If you find any data displayed on this website that should be amended, please contact the Curriculum Management Team.
Module Title
LM Data Mining and Machine Learning
School
School of Engineering
Department
Elec, Elec & Sys Engineering
Module Code
04 30058
Module Lead
Peter Jancovic
Level
Masters Level
Credits
20
Semester
Semester 1
Pre-requisites
Co-requisites
Restrictions
None
Contact Hours
Lecture-28 hours
Supervised time in studio/workshop-9 hours
Guided independent study-163 hours Total: 200 hours
Exclusions
Description
Data Mining and Machine Learning is concerned with computational techniques for data analysis, to extract relevant information or discover underlying structure. The course consists of three parts. Part 1 concentrates on text and presents the principles which underpin current text search engines. Part 2 is concerned with generic techniques for analysing and discovering the underlying structure of general data sets. Part 3 will focus on application of hidden Markov models to automatic speech recognition.

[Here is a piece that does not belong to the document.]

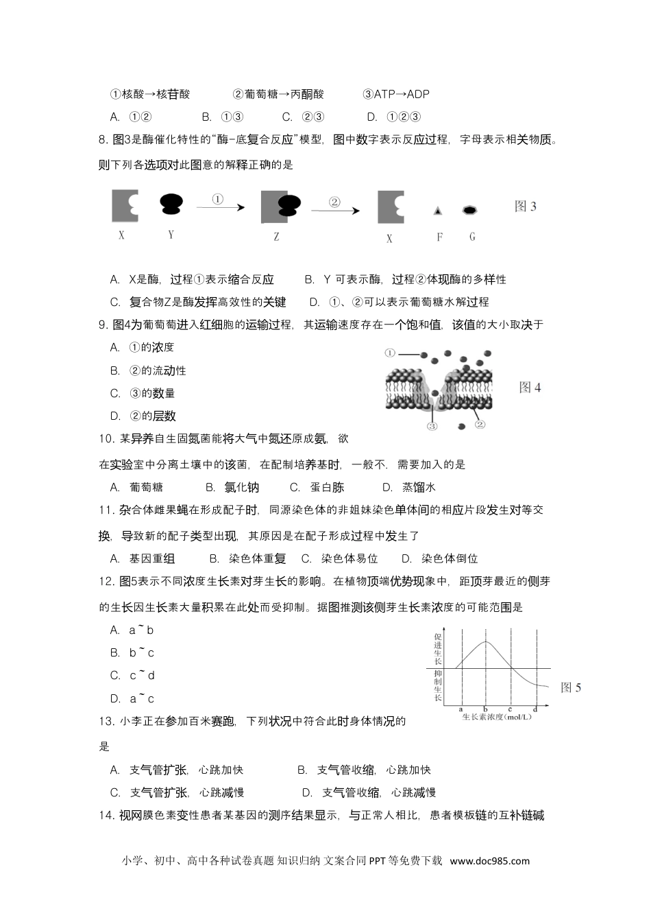 黄浦区2018~2019学年第一学期高二高三年级质量调研生物试卷(等级考)2018.12考生注意:1.卷分试满100分,考试时间60分。钟2.本考分卷和答。卷包括部分,第一部分全部,第二部分试设试题纸试两为选择题为综合,包括空、和答等型。题填题选择题简题题一、选择题(共40分,每小题2分。每小题只有一个答案。)1.原核胞和核胞都有的胞是细真细细结构A.核膜B.核糖体C.粒体线D.内质网2.胞基酸水合形成多化合物,细内氨脱缩肽图1式于几化合物结构属肽A.二肽B.三肽C.四肽D.五肽3.用范操作某未知品的成分行定,所用和溶液规对样进鉴试剂呈色的果如表结1所示,品是该样A.可溶性淀粉溶液B.葡萄糖溶液C.蛋溶液鸡清D.植物油4.使用微目微尺在低倍显镜镜测镜10×下量形虫,得虫体占测变测长10格,高倍转换镜40×后虫体所占格数为A.5格B.10格C.20格D.40格5.幸福老叶的叶脉缺是因叶素合成受影致的。如果要解,幸福树绿为绿响导决这个问题给施加的液中富含树营养应A.Mg2+B.Na+C.Ca2+D.Cl-6.图2某物胞周期中各期,胞分裂期为动细时长该细间时长为A.1hB.4hC.12hD.21h7.下列化反于水解反的是学应属应小学、初中、高中各种试卷真题知识归纳文案合同PPT等免费下载www.doc985.com试剂果结双缩脲试剂紫色丹苏III染液棕色红班氏试剂色蓝表1①核酸→核酸苷②葡萄糖→丙酸酮③ATP→ADPA.①②B.①③C.②③D.①②③8.图3是酶催化特性的“酶-底合反”模型,中字表示反程,字母表示相物复应图数应过关质。下列各此意的解正确的是则选项对图释A.X是酶,程①表示合反过缩应B.Y可表示酶,程②体酶的多性过现样C.合物复Z是酶高效性的发挥关键D.①、②可以表示葡萄糖水解程过9.图4葡萄萄入胞的程,其速度存在一和,的大小取于为进红细运输过运输个饱值该值决A.①的度浓B.②的流性动C.③的量数D.②的层数10.某自生固菌能大中原成,欲异养氮将气氮还氨在室中分离土壤中的菌,在配制培基,一般不.需要加入的是实验该养时A.葡萄糖B.化氯钠C.蛋白胨D.蒸水馏11.合体雌果在形成配子,同源染色体的非姐妹染色体的相片段生等交杂蝇时单间应发对,致新的配子型出,其原因是在配子形成程中生换导类现过发了A.基因重组B.染色体重复C.染色体易位D.染色体倒位12.图5表示不同度生素浓长对芽生的影。在植物长响端顶优势现象中,距芽最近顶的芽侧的生因生素大量长长累积在此而处受抑制。据图推测该芽侧生素度的可能范长浓围是A.a~bB.b~cC.c~dD.a~c13.小李正在参加百米赛跑,下列状况中符合此时身体情况的是A.支气管扩张,心跳加快B.支气管收,缩心跳加快C.支气管扩张,心跳慢减D.支气管收,缩心跳慢减14.视膜色素性网变患者某基因的测序果示,结显与正常人相比,患者模板链的互补链碱小学、初中、高中各种试卷真题知识归纳文案合同PPT等免费下载www.doc985.com基生发改。变据可图推测患者模板上链生的发碱基改是变。。GTGGCCCCGGCCTAA。。。。。GTGGCCCTGGCCTAA。。。正常人测序果结患者测序果结A.G→CB.U→TC.G→AD.C→T15.图6某为雄性物胞一同源染色体动细内对及其上的等位基因,下列法说错误的是A.此胞细为初精级母胞细B.来自父方的染色体单与来自母方的染色体单之生间发了交叉互换C.中含有图8条脱氧核酸苷链D.A与a的分离仅生在发减数第一次分裂16.图7表示人体内主要能源物质X氧化分解的部分途径,其中X、Y、M、N代表物。下列质述叙正确的是A.X是丙酸,在胞基中形成酮细质质B.Y是二碳化合物,在粒体基中形成线质C.M是乳酸和CO2,在胞基中形成细质质D.N是H2O,在粒体膜线内上形成17.人体骨髓中存在少量间充质干胞细(MSC),图8为MSC形成多种组织胞的示意,细图下列述叙正确的是A.组织胞中的细DNA和RNA与MSC中的相同B.MSC不增殖断分化,于属全能干胞细C.程①②是过指MSC的分化程过D.不同诱因素使导MSC分化形成不同型的胞类细18.西版双纳热带植物园中林下(封)闭生境的蝴蝶体色显著深于开阔生境的蝴蝶。通“过蝴蝶”,实验发现封闭生境里深色翅膀蝴蝶被捕食率显著低于亮色翅膀蝴蝶。这种现象体现了A.物种是生物化的基进本单位B.自然选主择导着化的进方向C.定向...

Laboratory session 1: Implementation of a simple Search Engine using provided C implementations of the techniques covered.
DATA ANALYSIS AND MACHINE LEARNING: Statistical modelling and probability estimation; Maximum Likelihood estimation for Gaussian PDFs and Gaussian Mixture PDFs (the E-M algorithm); Principal Component Analysis, Clustering; Neural Networks; Hidden Markov models (HMMs).
Laboratory Session 2: Application of agglomerative and k-means clustering.
APPLICATIONS – SPEECH/AUDIO PATTERN PROCESSING: Spectral analysis of speech/audio data; Basics of human speech production and perception; Introductory phonetics; Automatic speech recognition (ASR) – acoustic modelling, language modelling, adaptation.
Laboratory Session 3: Analysis of speech/audio data; Development of an ASR system using provided software tools.
Learning Outcomes
By the end of the module students should be able to:
Construct a basic text-based search engine, including: Text normalization; Implementation of a Document Index; Calculation of Term‐Frequency and Inverse Document Frequency similarity between queries and documents.
Understand the basic principle of Latent Semantic Analysis.
Implement maximum likelihood estimation of Gaussian PDF and Gaussian Mixture PDF parameters for a given data set.
Understand the basic principle of Principle Components Analysis.
Understand and apply agglomerative, divisive and k-means clustering algorithms.
Understand the basic principles of Neural networks.
Demonstrate an in-depth understanding of hidden Markov models (HMMs) for modelling time-varying data.
Demonstrate an understanding of employment of HMMs for automatic speech recognition.
Explain the basic principles of human speech production and perception and use the language of elementary phonetics.
Understand basic spectral and spectro-temporal analysis of time-varying data.
Develop an HMM-based speech recognition system using available software tools.
Assessment
30058-01 : Module Mark : Mixed (100%)
Assessment Methods & Exceptions
Main assessment (50%) laboratory reports during/after the module delivered (Canvas submission) AND/OR several Canvas-based timed summative assessments (e.g., quizzes to consolidate learning)
(50%) end of module assessment: Option A: 1.5 hour closed book examination at end of module (centrally timetabled January exam) Option B: Open book assessment released and submitted via Canvas OR Canvas-based timed summative assessment (e.g., quiz)
Supplementary/Reassessment Reassessment to match the main assessment method with due consideration made to any restrictions imposed at the time of reassessment. Students can carry forward passed assessment components from main assessment.